• Sitemap
  • Contact Us
 

National Statistical Service

Advanced Search

  • Home
  • Statistical References
  • NSS Networks
  • Resources
  • Themes
  • Seminars
  • Statistical Clearing House
  • NSS Events
  • Other Links

Skip to next image
Skip to next image


Confidentiality Information Series



Confidentiality Information Sheet 4
How to confidentialise data: the basic principles
Confidentiality is about protecting the identity of individuals or organisations.

Identification risks in aggregate data
When should a cell be confidentialised?
Techniques to confidentialise data

Managing the risks of identification in disseminated data (also called disclosure control) involves taking steps to evaluate and mitigate the risk that the identity of a particular person or organisation may be disclosed.

Risks of identification can be managed by confidentialising data. The aim is to protect the identity of a person or an organisation, while at the same time maximising the usefulness of the data.

In simple cases, data can be manually confidentialised. However, the use of software is sometimes necessary. Specialised skills and knowledge of the data are also required to correctly confidentialise a dataset to minimise the risk of identification.

This information sheet outlines some common techniques for confidentialising data. The information is provided as a guide only and gives simple examples, using data presented in tables, to illustrate the concepts. However, most of the techniques apply to both aggregate and microdata.

Issues specific to the management of the confidentiality of microdata are discussed in Information sheet 5, ‘Managing the risk of disclosure in the release of microdata’.



Back to top

Identification risks in aggregate data

Aggregate data can be disseminated in various forms including tables, maps and graphs. Aggregate data in any form can present an identification risk if individual responses can be estimated or derived from the output (for example, outliers in a graph).

Tables are the most common way of presenting aggregate data and are the focus of the following discussion.

There are two main types of tables:


– Count (frequency) tables: cells contain the number of individuals or organisations contributing to the cell (e.g. the number of people in various age groups, or the number of businesses in each industry).
– Magnitude tables: cells contain values calculated from a numeric response (e.g. total income or profit).


It is sometimes possible to deduce information about a particular person or organisation from these two types of tables.

For example, when a cell in a frequency table has a low count (that is, only a very small number of contributors), it may be possible to deduce information about a particular person or organisation using the information you already know and the additional information presented in the table. This poses an identification (or disclosure) risk.
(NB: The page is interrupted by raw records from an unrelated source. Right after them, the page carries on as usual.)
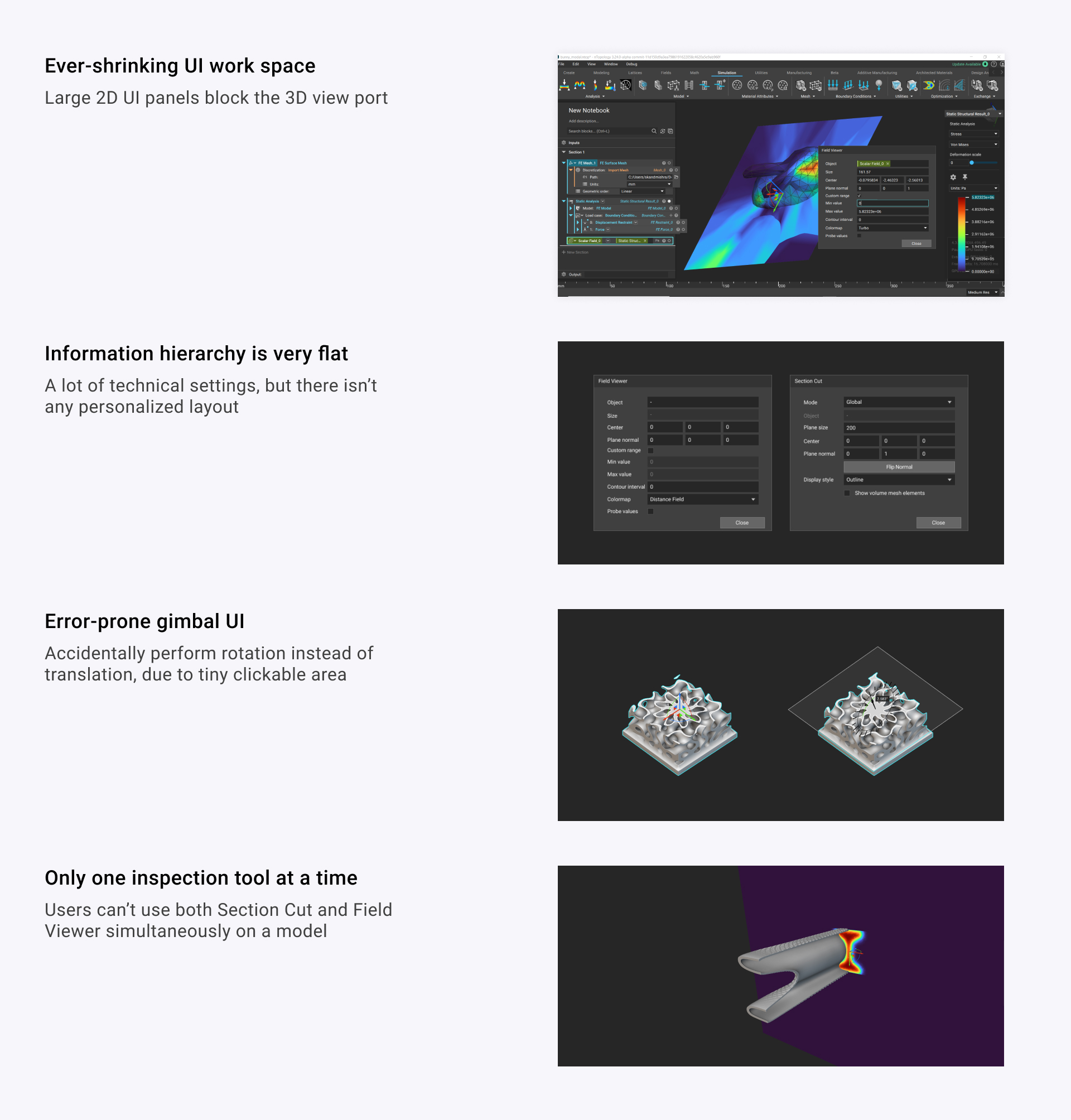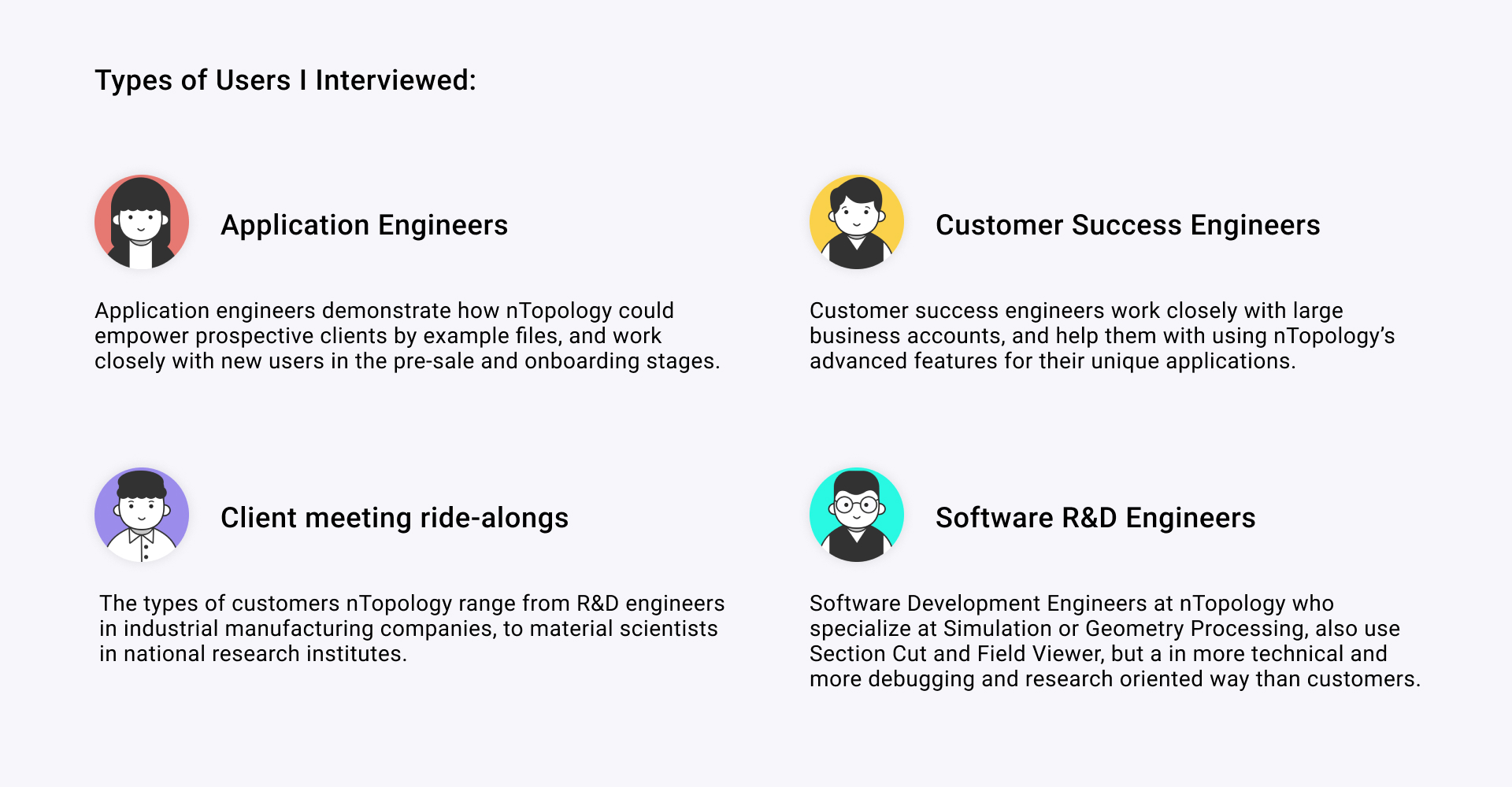 After initial round of assumption validation and feedback gathering, I then talked to people from each of the 4 main user groups, observed their usage of nTopology in action, and gathered more qualitative feedback.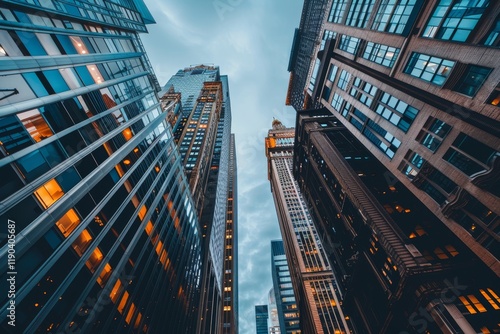 © Iftikhar alam, Obraz premium A low angle shot of tall skyscrapers with a cloudy sky in the background, Depict the contrast between modern skyscrapers and historic buildings in the city
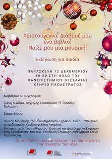 Ο Σύλλογος «ΦΙΛΟΙ ΤΟΥ ΜΟΥΣΕΙΟΥ ΠΑΙΔΙΚΗΣ ΚΑΙ ΕΦΗΒΙΚΗΣ ΛΟΓΟΤΕΧΝΙΑΣ», το Μουσείου Παιδικής & Εφηβικής Λογοτεχνίας(ΜΠΕΛ) και ο Πανελλήνιος Όμιλος Φίλων Αφήγησης(ΠΟΦΑ) σας προσκαλεί σε μια γιορτή για παιδιά ηλικίας 4-12 ετών, την Παρασκευή 12 Δεκεμβρίου στις 18:30 στη Θόλο του Πανεπιστημίου Θεσσαλίας (κτήριο ΠΑΠΑΣΤΡΑΤΟΣ).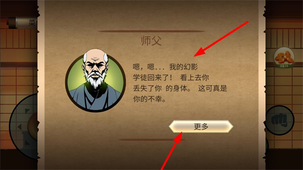1、查看師父的對話,了解當前劇情背景,點擊更多按鈕繼續推進劇情,開啟暗影武者的修行流程。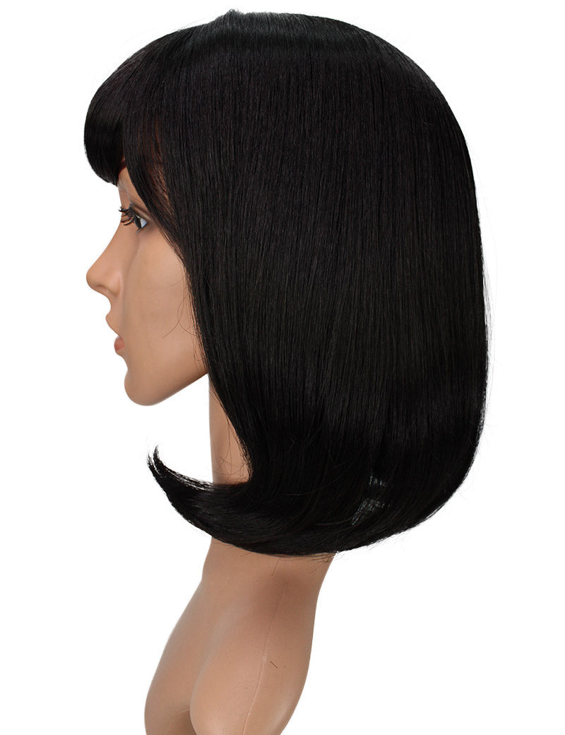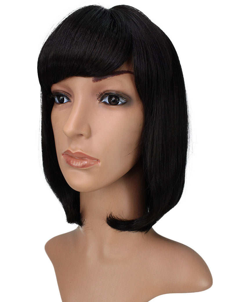 女性用 前髪ありミディアムウィッグ 人毛使用 ふんわりボリュームタイプ ウィッグネット付き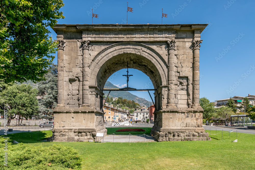 Fotografie The ancient Arch of Augustus in the historic center of Aosta, Italy, on a sunny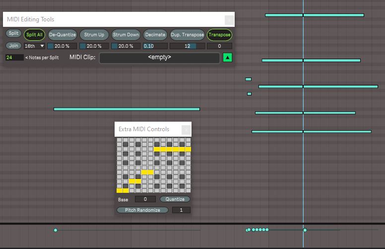 | Description: | Some of the things MZ MIDI Edit can do to MIDI clips: Split notes Join notes De-Quantize Strum Duplicate transpose Randomize pitch Quantize notes to scale More details in link! |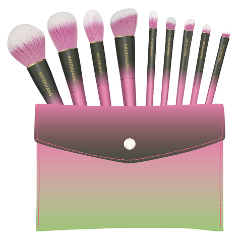 Degrade renk kolu özel etiket kendi yapmak 9 adet pembe makyaj fırçası seti yumuşak yüksek kalite özel makyaj fırçalar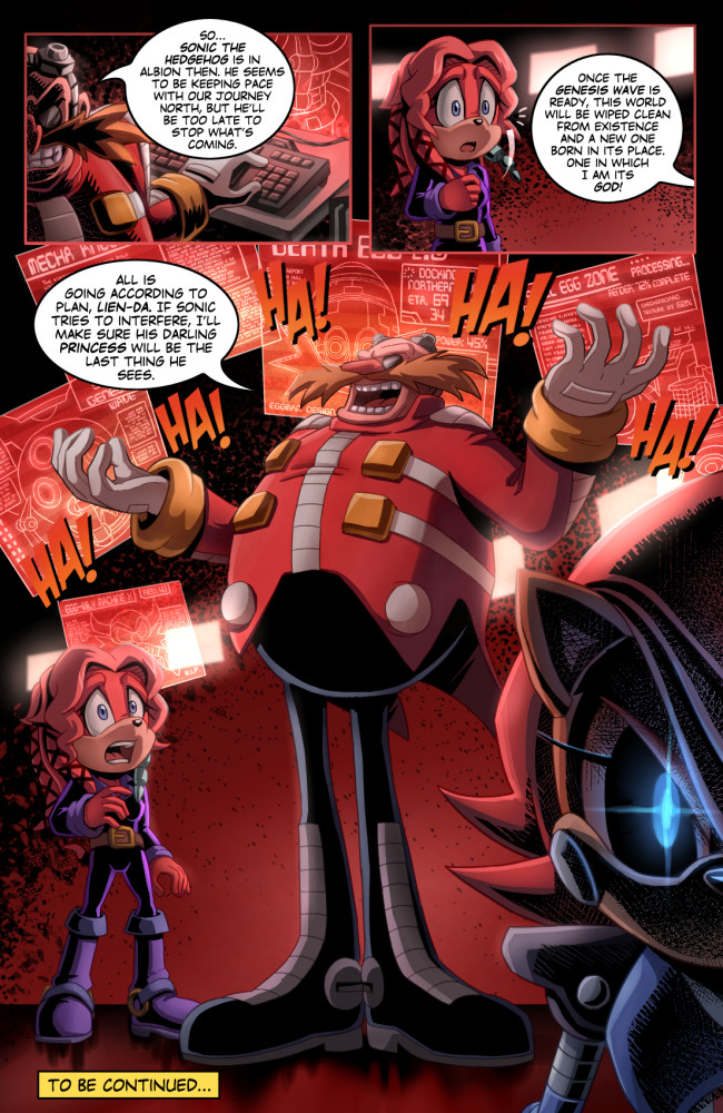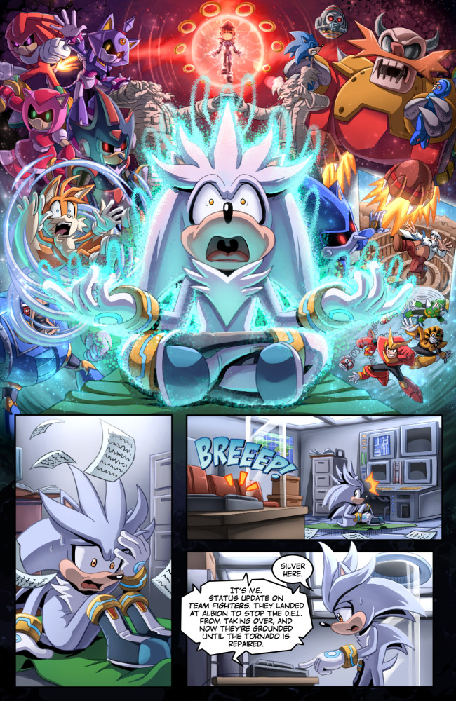 The fan comic does make a nod to the Worlds Collide Sonic & Mega Man 2013 crossover that lead to the reboot, this hints the crossover will happen at some point in the future but not right away. How does the nod happen? Silver is meditating and communicating with Mammoth Mogul's future self through the veil of time and gets a vision of events to come such as the aforementioned crossover. Even Eggman has plans to unleash the Genesis Wave again. Heck, at the end of issue one of this series, Eggman talks with Lein-Da (the hot and shapely echidna grandmaster chick) and cackles evilly as he says, "So Sonic is making his way north here. It won't matter, once I unleash the Genesis Wave, this world will be wiped from existence and a new one will be born in its place which I will be its ruler. The last thing Sonic will ever see will be his princess. HA HA HA HA HA HA HA HA!"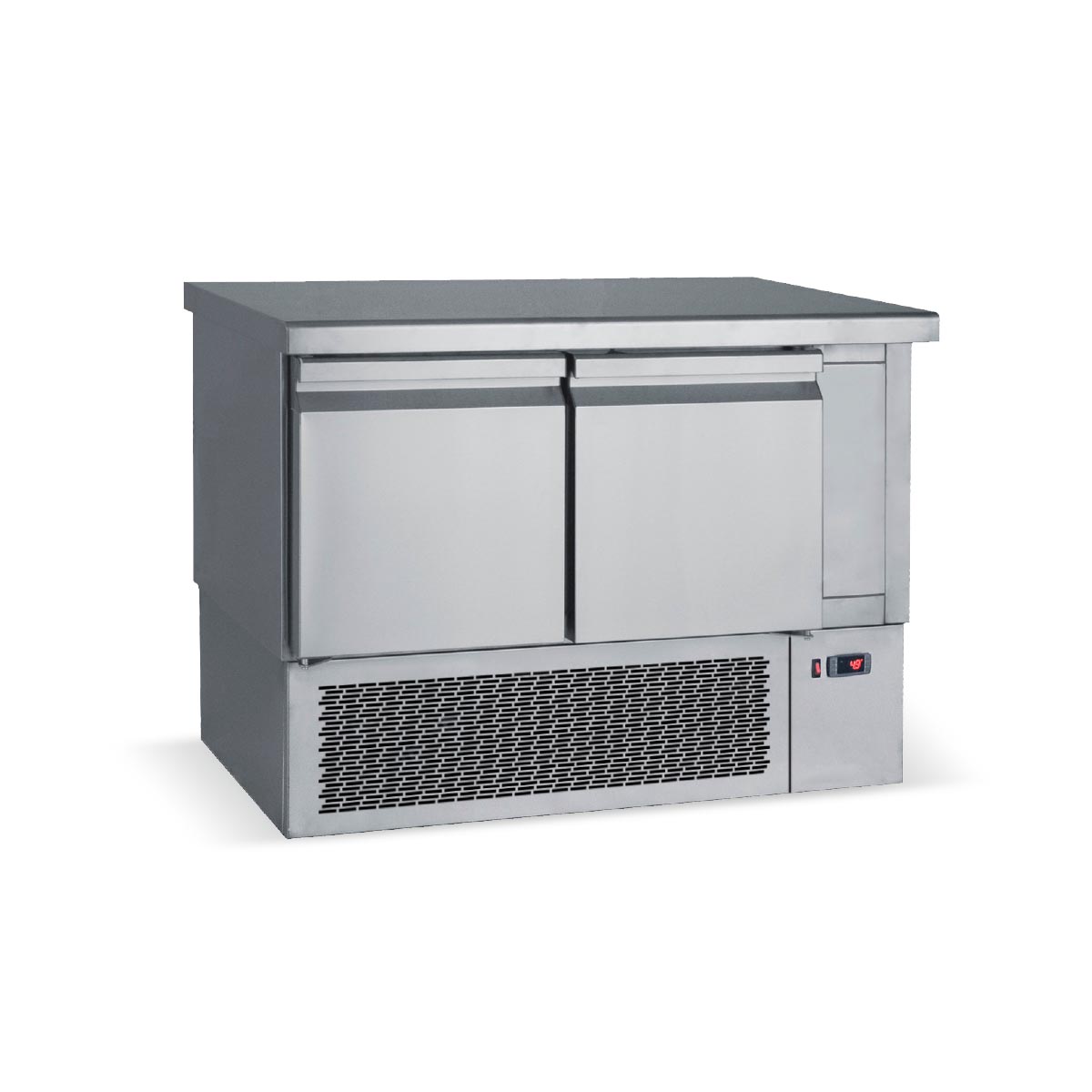Κατασκευασμένο από ανοξείδωτο χάλυβα Μόνωση με οικολογική πολυουρεθάνη πάχους 5 cm Πάτος με υγειονομικές γωνίες Πόρτες με αυτόματη επαναφορά κάτω από 90° Πόδια ρυθμιζόμενα Σχάρες πλαστικοποιημένες ρυθμιζόμενες καθ’ ύψος Οδηγούς inox για GN Φρέον οικολογικό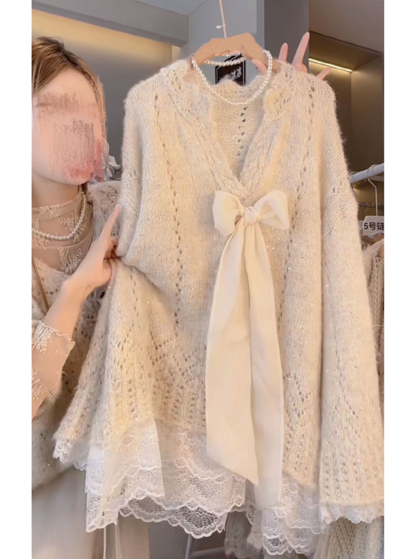女秋冬季甜美外穿毛衣法式高級設計感蕾絲拼接公主風小衫軟糯上衣
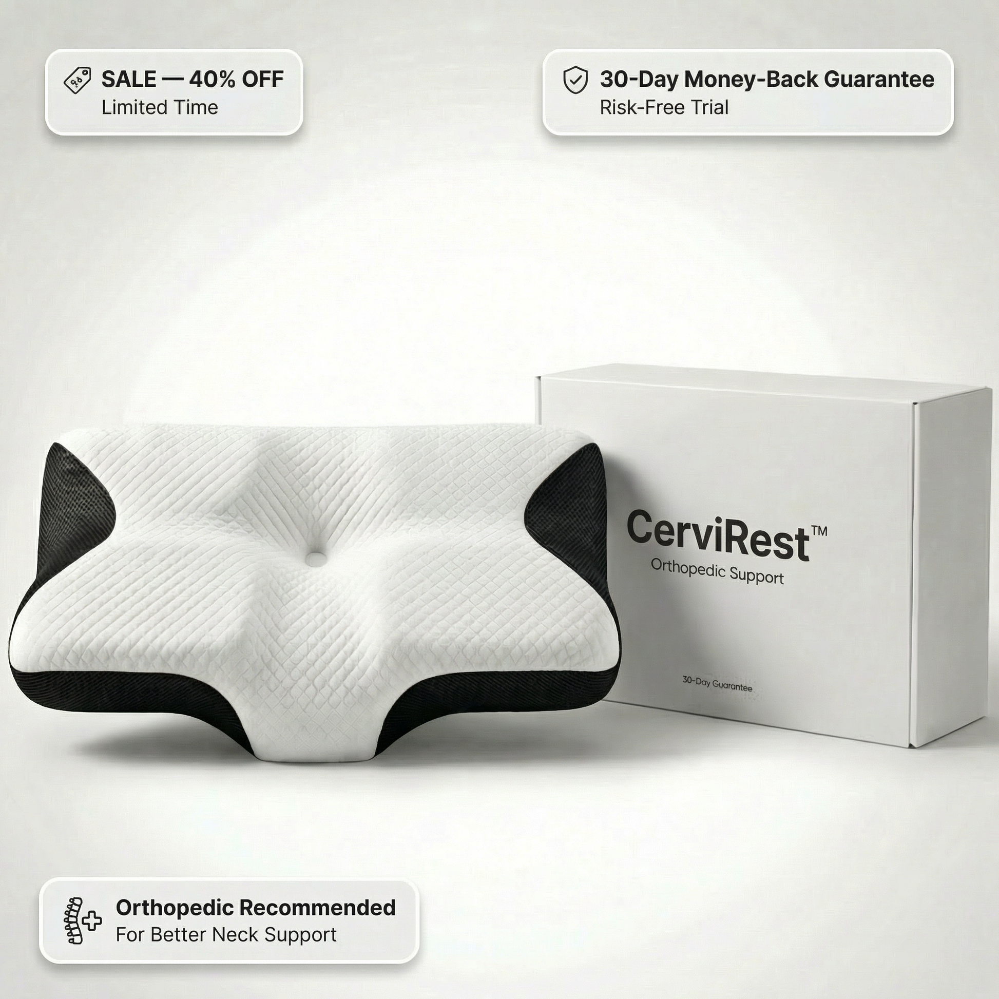 Die meisten Kissen geben nach oder liegen zu hoch – CerviRest™ stützt Ihren Nacken und hilft, Ihre Wirbelsäule die ganze Nacht über in der richtigen Position zu halten.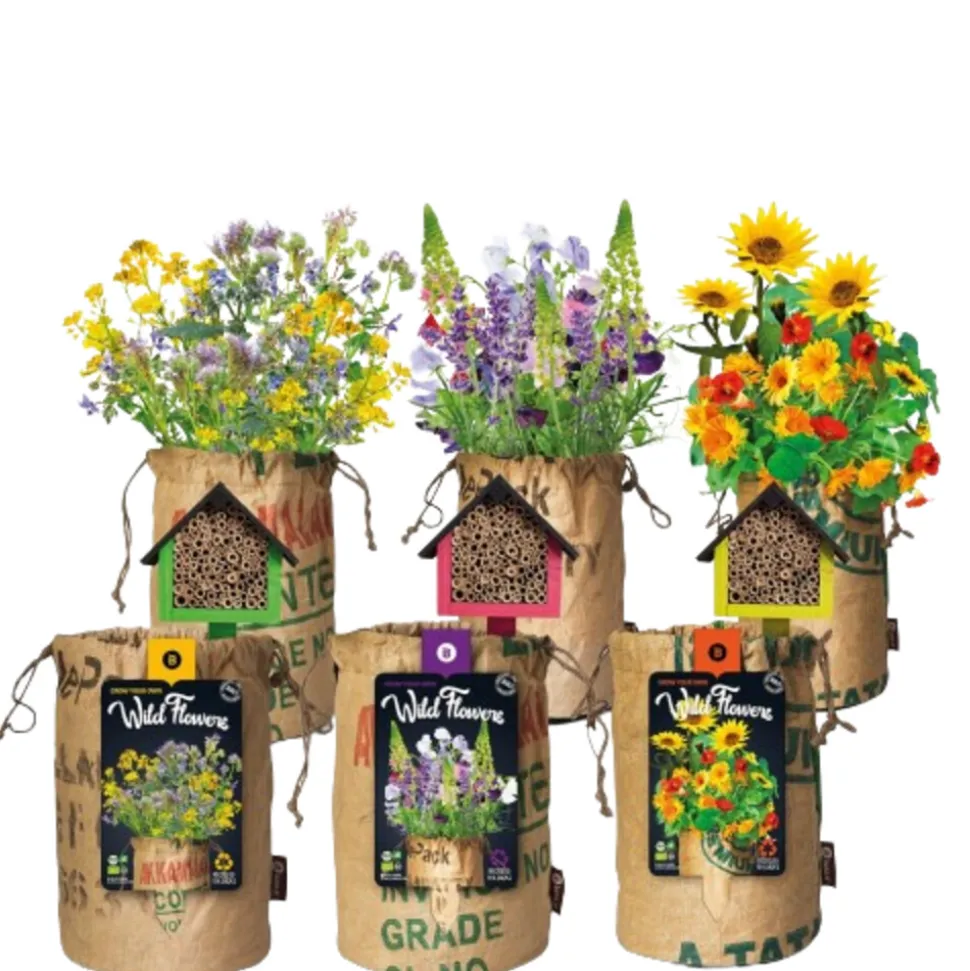 Deze kweektas met insectenhotel bevat 3 zakjes met bio zaden, die tezamen een fraai wild en kleurrijk boeket vormen op balkon en terras.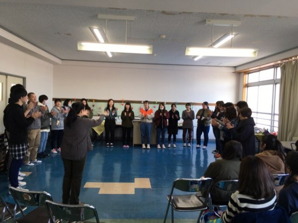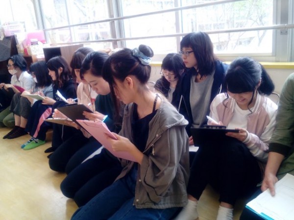 学生は6月の保育園実習前に、系列のわかばフレンドようちえんで行なった横川先生の『わらべ歌の実践』を見学しました。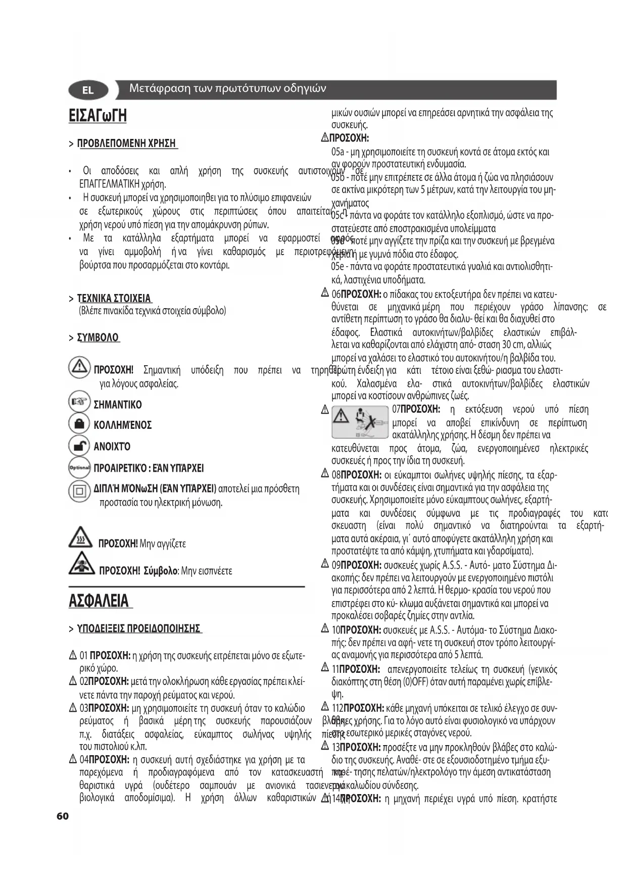 03ΠΡΟΣΟΧΗ:μηχρησιμοποιείτετησυσκευήόταντοκαλώδιο ρεύματος ή βασικά μέρητης συσκευής παρουσιάζουν βλάβη, π.χ. διατάξεις ασφαλείας, εύκαμπτος σωλήνας υψηλής πίεσης τουπιστολιούκ.λπ.

In magnitude tables, table cells present an identification (or disclosure) risk when they are dominated by values relating to one or two businesses or individuals.

Further identification risks exist if users have access to multiple tables that contain some common elements. It may be possible to use information from one table to determine the identity of a person or organisation contributing to a second table. This means it is important to keep track of all information that is released from the dataset.


Back to top

When should a cell be confidentialised?

To identify table cells that pose an identification (or disclosure) risk, confidentiality ruIes must be determined and applied to each cell in a table. If a cell fails such rules, then further investigation or action is needed to minimise the risk of identification.

Two common rules used to assess identification risk in a table cell are:

– The frequency rule (also called the threshold rule), which sets a threshold value for the minimum number of units (contributors) in any cell. Common threshold values are 3, 5 and 10.
– The cell dominance rule (also called the cell concentration rule) which applies to cells where a small number of data providers contribute a large percentage to the cell total.

Setting values for these rules is the responsibility of individual data custodians. The value used will depend on that custodian’s assessment of the identification risk. Some datasets may be more sensitive than others while legislation and organisational policies will also influence the values that are set and applied.


FREQUENCY RULE

The frequency rule is best applied to count tables. While it can be used for magnitude tables, the underlying frequency data (i.e. the number of contributing units for each cell) is needed to apply the rule. The frequency rule is illustrated in example 1.


Example 1: The frequency rule
Applying a frequency rule of 5, any cell with less than 5 contributors poses a disclosure risk. In this example, the age group 50-59 years has 4 contributors in the low income cell and would be protected.
Income

Age group (years)
Low
Medium
High
Total

15–19
20
0
0
20
20–29
14
11
8
33
30–39
8
12
7
27
40–49
6
18
24
48
50–59
4
5
14
23
60+
12
9
7
28
Total
64
55
60
179


Sometimes zero cells (cells with no contributors, or cells where all respondents reported a zero value for a magnitude table), or 100% cells (where all contributors within a category have a particular characteristic) are also considered confidential.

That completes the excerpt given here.